The survey shows sales expectations are now at their lowest level in two years, dropping six points to a net index of eight. Expectations are particularly weak for the retail sector, which continues to struggle to entice consumer spending even with sustained discounting. Sales expectations for retailers sit at a net index of -5, which is 13 points below the overall index of eight. Wholesalers are the only sector to have a rise in sales expectations for the September quarter.
Dun & Bradstreet CEO Christine Christian said the data show the emergence of a de-leveraging trend among local businesses.
“Retail has always formed a significant role in the economy but with consumers continuing to feel the effects of last year’s interest rate hike retailers are becoming more conservative with profit projections.

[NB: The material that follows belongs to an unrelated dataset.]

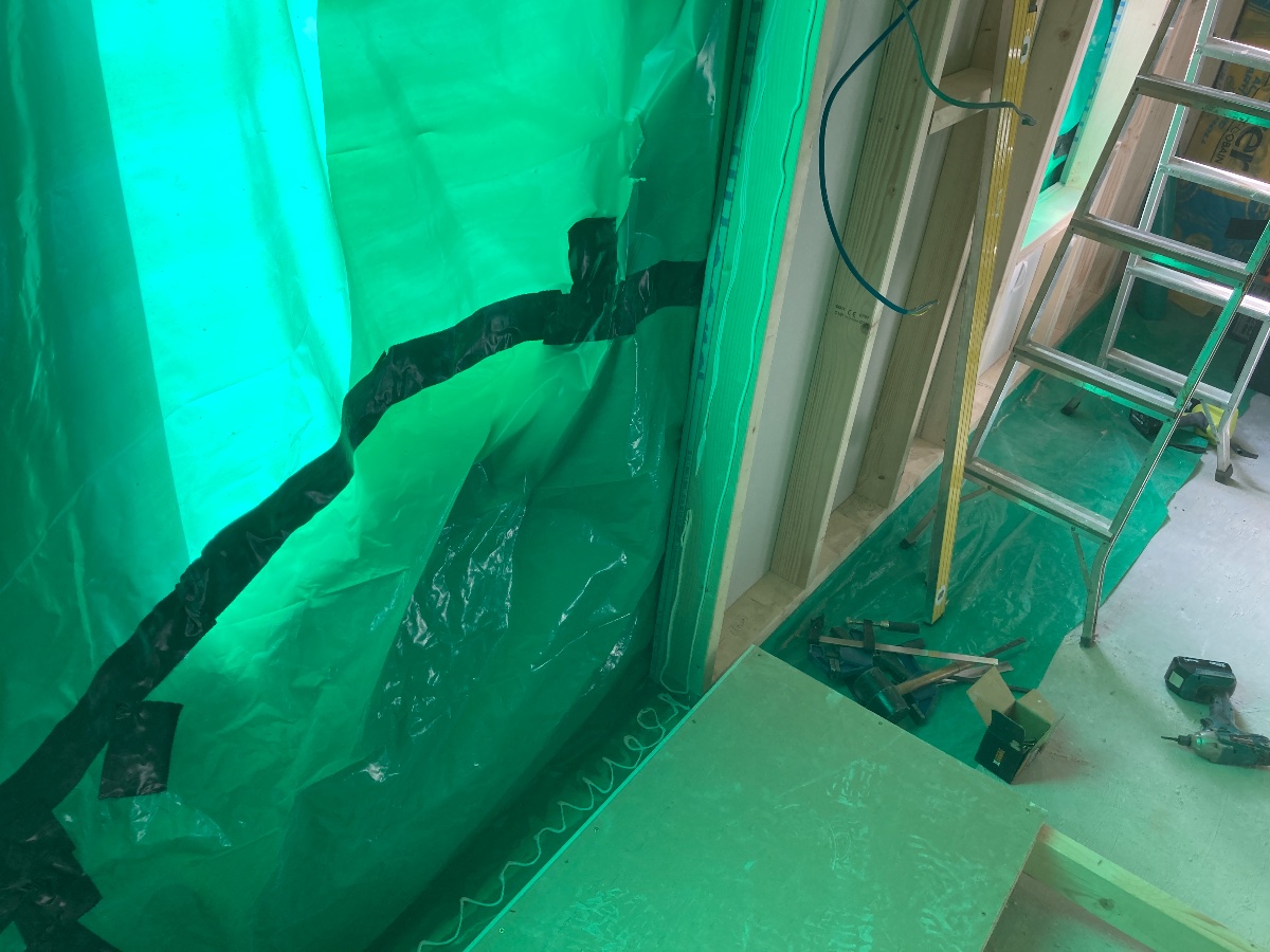 On Monday I cut and made the stud wall frames for the inner walls, in 10 sections that would be liftable. Tuesday I finished these and added plasterboard to the three frames for the back wall, ready to lift with my brother in law who joined me on Wednesday. We managed to finish and lift 6 out of 10 sections before he had to go for the school run, so on Thursday I managed to finish the remaining 4 with assistance from my partner Michelle. Each wall section is 4x2 stud, then two layers of 15mm plasterboard with the gaps overlapped. Where wall sections meet I overlapped the second layer of plasterboard by 20mm, and as each section went up copious sealant was applied to all the bits it touched!

In particular the continuously strong dollar is having a two pronged effect, encouraging some consumers offshore while also making importing easier for a percentage of businesses,” she said.
“The data show a clearly delineated, two-speed economy whereby the success of the mining industry is masking the problems currently being experienced by the other sectors.”
Despite the Reserve Bank’s temporary halt on interest rate hikes, interest rates are still the greatest cause for concern amongst Australian business executives, the survey said.
It also revealed that that 35 per cent of executives see that a continuing strong Australian dollar will have a positive impact on their business in the quarter ahead – for 15 per cent a significant impact. Some 24 per cent expect a high dollar to have a negative impact; for 40 per cent it will have no impact.
According to Duncan Ironmonger, Dun & Bradstreet’s economic consultant, the Australian economy is now through the short-term downturn due to floods and cyclones.
“The latest D&B survey reveals a sharp reduction in business expectations for growth in sales, profits, employment and capital expenditure to well below their 10-year averages. Retailers are perhaps the worst affected with two consecutive negative quarters of expected profits growth,” he said.